Chile Colorado
User Reviews
4.8
-
Prep Time
15 mins
-
Cook Time
1 hr 35 mins
-
Total Time
1 hr 50 mins
-
Servings
6 servings
-
Calories
328 kcal
-
Course
Main Course
-
Cuisine
Mexican
Chile Colorado
Description
This Chile Colorado recipe uses a blend of dried Mexican chiles including guajillo, ancho, and arbol that are softened by boiling, then pureed with garlic, onion, oregano, cumin, and salt to create a smooth red chile sauce. The beef is seasoned with flour, salt, and black pepper, then seared for a crusty exterior before simmering in the chile sauce with beef broth and bay leaf until tender.
The combination of multiple chile varieties yields a balanced heat and smoky depth, complemented by the oregano and cumin for warmth and complexity. Cooking the beef in the sauce allows the flavors to penetrate fully while the flour helps thicken the stew. The bay leaf adds an herbal note.
This stew can be served with rice, tortillas, or beans to soak up the flavorful sauce. Variations can use pork or chicken in place of beef, and it can be prepared in a slow cooker or pressure cooker for convenient cooking methods.
The red chile sauce can be made in advance and frozen, which is practical for meal prep. Substitutions like gluten-free flour or vegetarian proteins allow adaptation. Adjusting chiles can control the heat level.
Ingredients
- 8 guajillo chiles stemmed and seeded
- 2 ancho chile stemmed and seeded
- 1 arbol chiles stemmed
- ½ yellow onion
- 1 teaspoon oregano dried
- 1 ½ teaspoon kosher salt divided, plus more to taste
- 1 clove garlic
- ½ teaspoon cumin ground
- 2 pounds beef like chuck shoulder or roast, cut into ½-inch chunks, stew meat
- 2 tablespoons all-purpose flour
- ¼ teaspoon black pepper freshly ground
- 2 tablespoons olive oil
- 2 ½ cups beef broth
- 1 bay leaf
Instructions
- Make the red chile sauce. Add the guajllo chiles, ancho chiles, árbol chiles, and onion to a medium pot. Cover with water until they’re completely submerged and bring to a boil over high heat. Remove from heat, cover, and let it sit for 20 minutes to soften the peppers.
- Using a slotted spoon, transfer the softened chiles and onions into a large blender. Add in 1 cup of the chile-soaked water, the dried oregano, 1 teaspoon salt, garlic, and cumin. Blend until smooth. Add some of the beef broth from the meat ingredients as needed if the mixture is too thick for your blender. Set aside.
- Toss together the beef, flour, the remaining ½ teaspoon salt, and black pepper in a large bowl.

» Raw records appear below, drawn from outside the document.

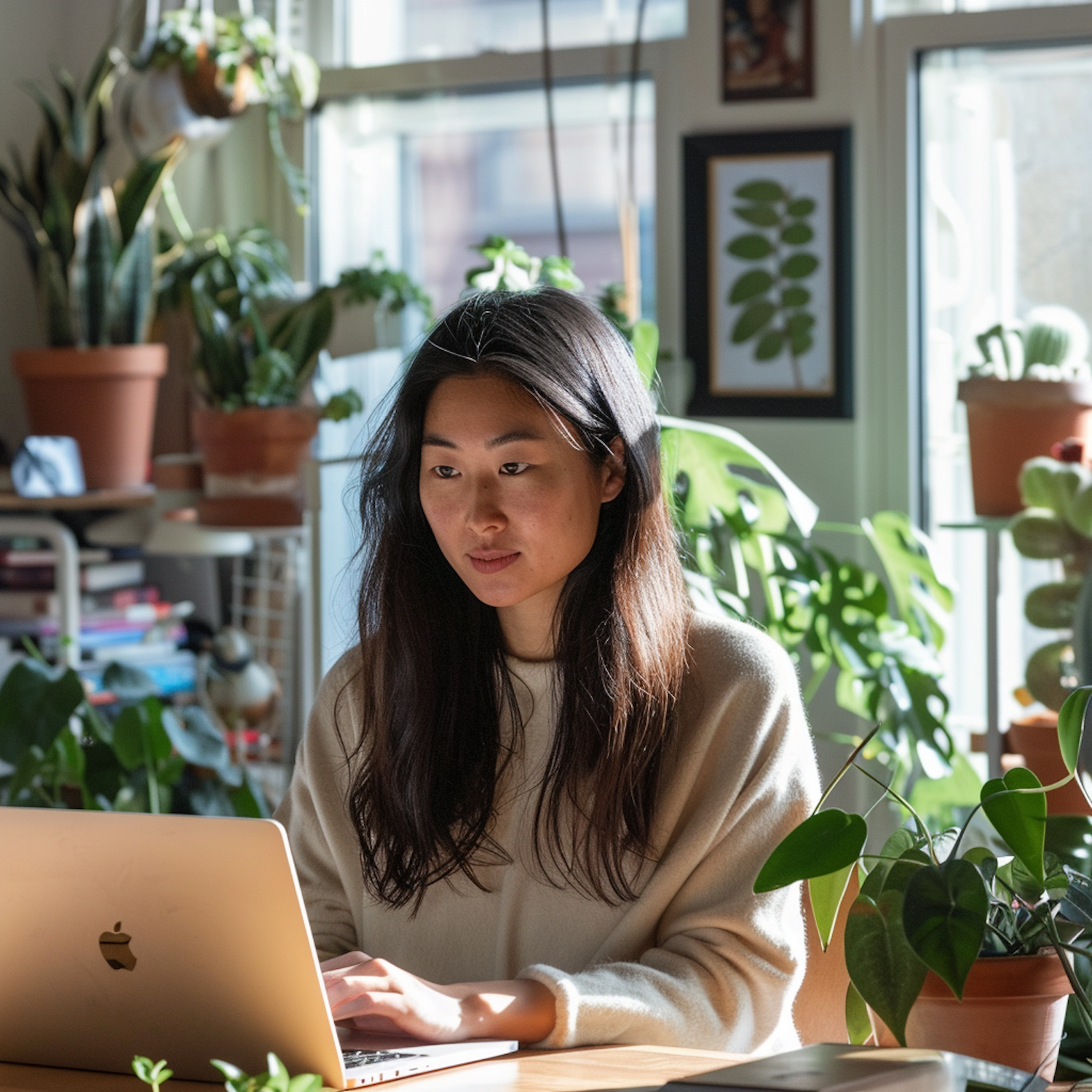 Asian woman working on a laptop in a plant-filled, sunlit room with cozy decor and botanical artwork, creating a serene workspace vibe.
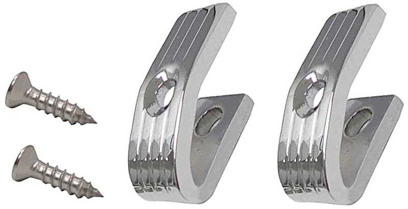 Autnentic reproduction of the original style coat hooks designed for use with various Ford models including 1964-66 Mustang convertible, 1967 Mustang (all), 1960-63 Falcon, 1960-63 Fairlane, and 1960-63 Comet convertible models. Each hook is manufactured in die-cast zinc to factory dimesions replicating the original in design and appearance. See listing below for correct applications for convertible and coupe models. Includes mounting screws. Sold in pairs.
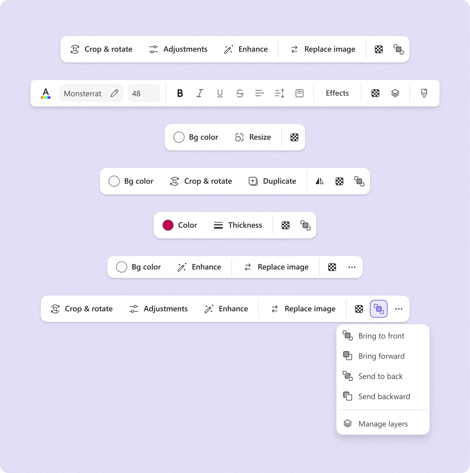 Partnering closely with PM and Engineering, I led a fast-paced three-month redesign of core information architecture patterns across the flagship Editor, Microsoft Photos, and Copilot integrations. Despite the complexities of shifting product strategy, ambiguous goals, and team changes, we delivered a simplified contextual editing toolbar, stronger responsive design foundations, clearer monetization messaging, and a shared design library to improve discoverability, wayfinding, and overall product cohesion.
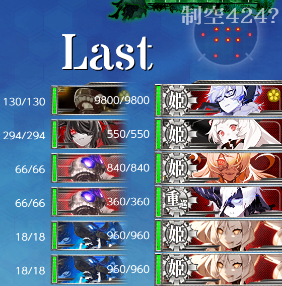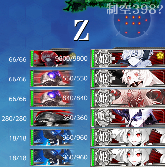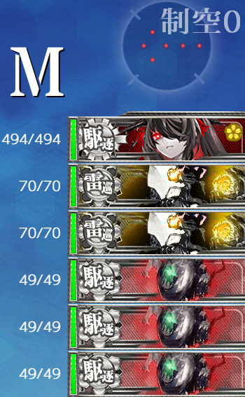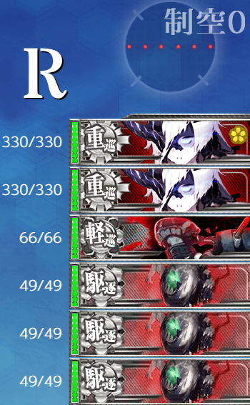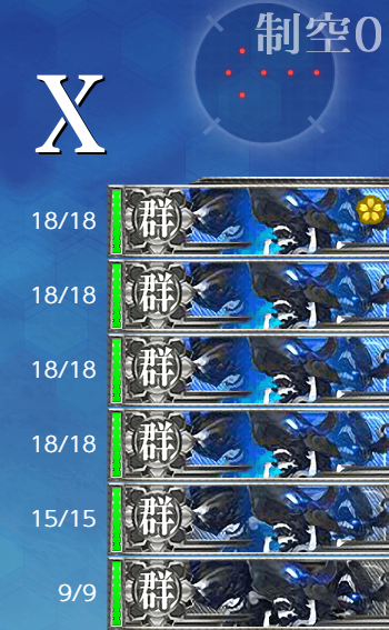 空襲戦を2度通ることになるので一応"空母"を編成して航空拮抗まで制空値を稼ぎました。
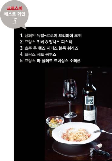 와인 & 요리_ 크로스비는 매달 '이달의 와인' 11가지를 선정한다. 매달 계절에 맞는 와인을 선별하는데, 스파클링 와인 세 가지, 화이트 와인 세 가지, 레드 와인 세 가지, 스위트 와인 두 가지 등이다. 크로스비의 가장 큰 장점은 이처럼 매달 새로운 와인을 글라스로 맛볼 수 있다는 점이다. 병으로 서비스되든, 글라스로 판매되든 매달 잘나가는 와인은 이달의 와인이라 할 수 있다. 굳이 분류하자면 크로스비는 신세계 와인보다는 프랑스와 이탈리아 등 유럽 와인의 비중이 높다. 이는 다른 와인바에 비해 크로스비가 보다 잘 아는 분야이기도 하다. 음식은 20여 가지가 준비돼 있다. 하지만 음식보다는 다양한 종류의 치즈가 인기가 높다. 크로스비에서는 20가지 이상의 좋은 치즈를 갖고 있는데, 와인에 적합한 치즈를 선보이려고 노력하는 편이다.
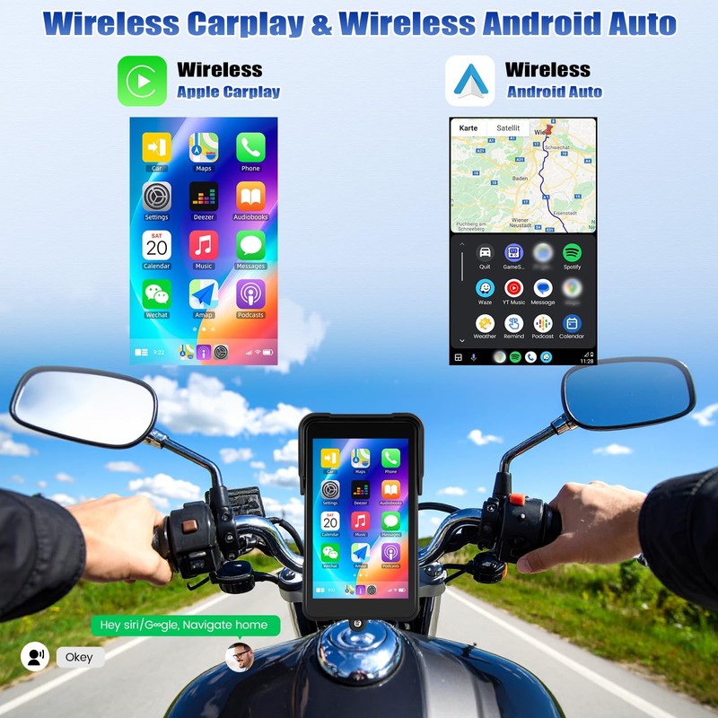 - [5 inch touch screen & wireless carplay Android car]: CAMECHO 5 inch touchable motorcycle navigator supports wireless carplay and Android car connectivity to bring most of the apps in your phone to the screen. With just one touch, you can master the call, navigation and music play functions with simplicity and elegance. You need to connect carplay/Android car to the navigation, the device itself cannot navigate.
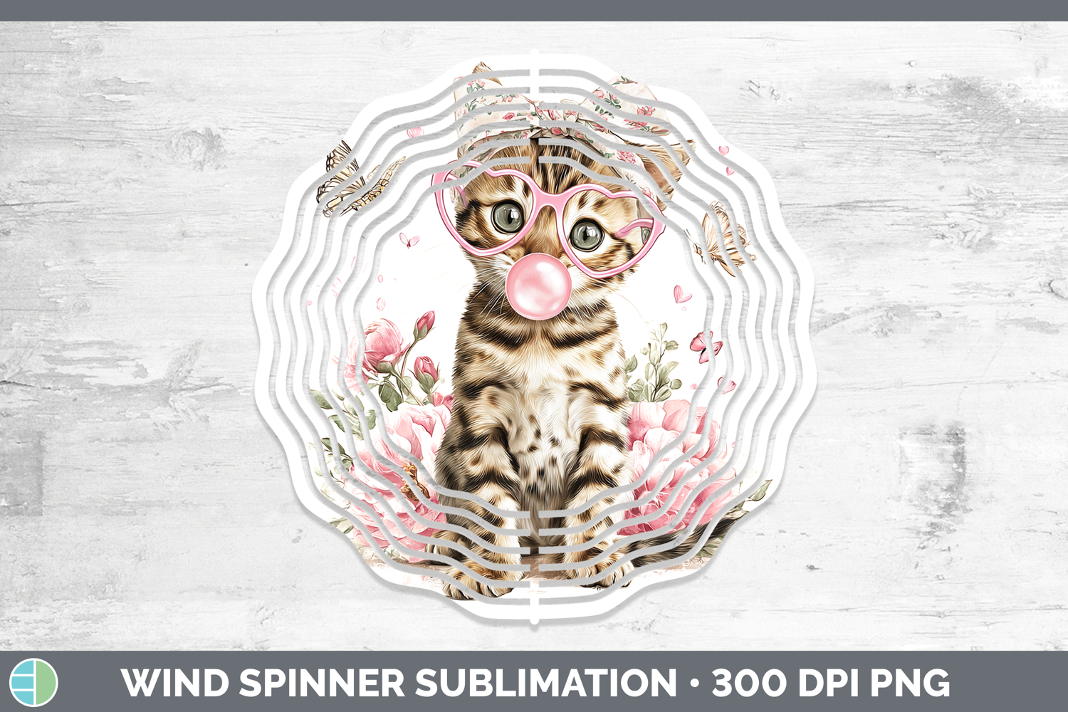 Bengal Cats Pink Bubble Gum Wind Spinner Sublimation Design
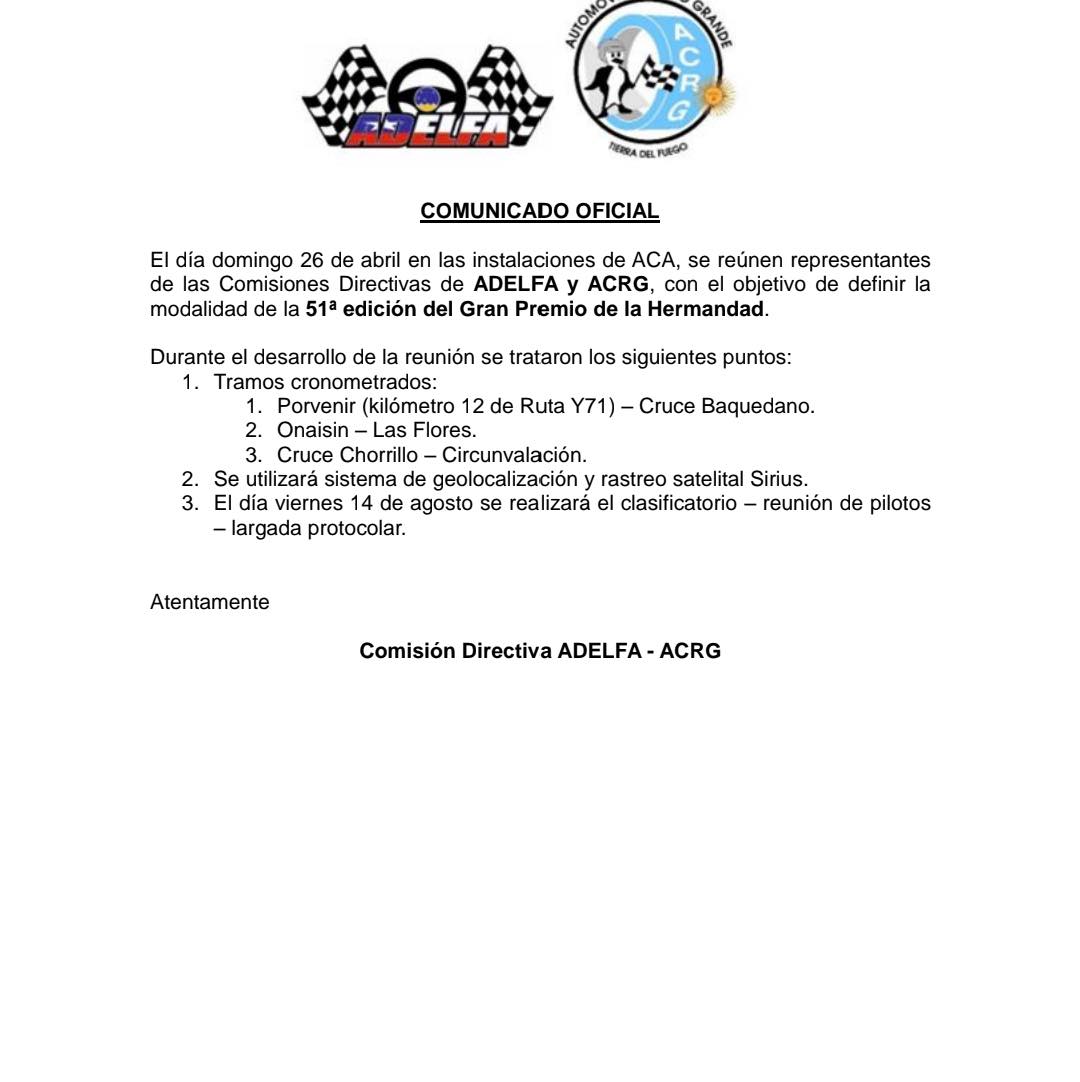Las comisiones directivas de ADELFA y el Automóvil Club Río Grande (ACRG) dieron a conocer un comunicado oficial con importantes definiciones sobre la 51ª edición del Gran Premio de la Hermandad, una de las competencias más emblemáticas del automovilismo patagónico.

- Heat the oil in a large pot or Dutch oven over medium-high heat. Add in half of the meat and brown on all sides so they have a good sear, about 5 minutes. Transfer the browned beef into a bowl and repeat the process with the remaining uncooked meat.
- Add all the meat back into the pot, and add in the blended red chile sauce, broth, and bay leaf. Stir to combine and bring to boil. Reduce heat to simmer, cover, and cook for 45 minutes or until the meat is tender.
- Uncover, taste, and add more salt as necessary. Raise to medium heat and cook for another 15 minutes, until the sauce has reduced and thickened slightly. If you prefer a thicker sauce, cook longer.
- Discard bay leaves and serve with Mexican rice and beans.
Notes
- The red chile sauce can be prepared ahead and frozen for up to 6 months.
- You can substitute pork shoulder or chicken thighs for the beef stew meat.
- For a vegetarian version, use cooked nopales, potatoes, or chickpeas instead of meat.
- Add a small amount of Mexican chocolate to the sauce for a subtle sweetness and depth.
- This stew can be made in a slow cooker or Instant Pot for hands-off cooking; textures may vary.
- Use gluten-free flour substitutes if needed.
Nutrition Information
Show DetailsNutrition Facts
Serving: 6servings
Amount Per Serving
Calories 328 kcal
% Daily Value*
| Serving | 1serving | |
| Calories | 328kcal | 16% |
| Carbohydrates | 15g | 5% |
| Protein | 37g | 74% |
| Fat | 13g | 20% |
| Saturated Fat | 3g | 15% |
| Polyunsaturated Fat | 1g | 6% |
| Monounsaturated Fat | 7g | 35% |
| Cholesterol | 94mg | 31% |
| Sodium | 865mg | 36% |
| Potassium | 1049mg | 22% |
| Fiber | 5g | 20% |
| Sugar | 7g | 14% |
| Vitamin A | 4358IU | 87% |
| Vitamin C | 6mg | 7% |
| Calcium | 47mg | 5% |
| Iron | 5mg | 28% |
* Percent Daily Values are based on a 2,000 calorie diet.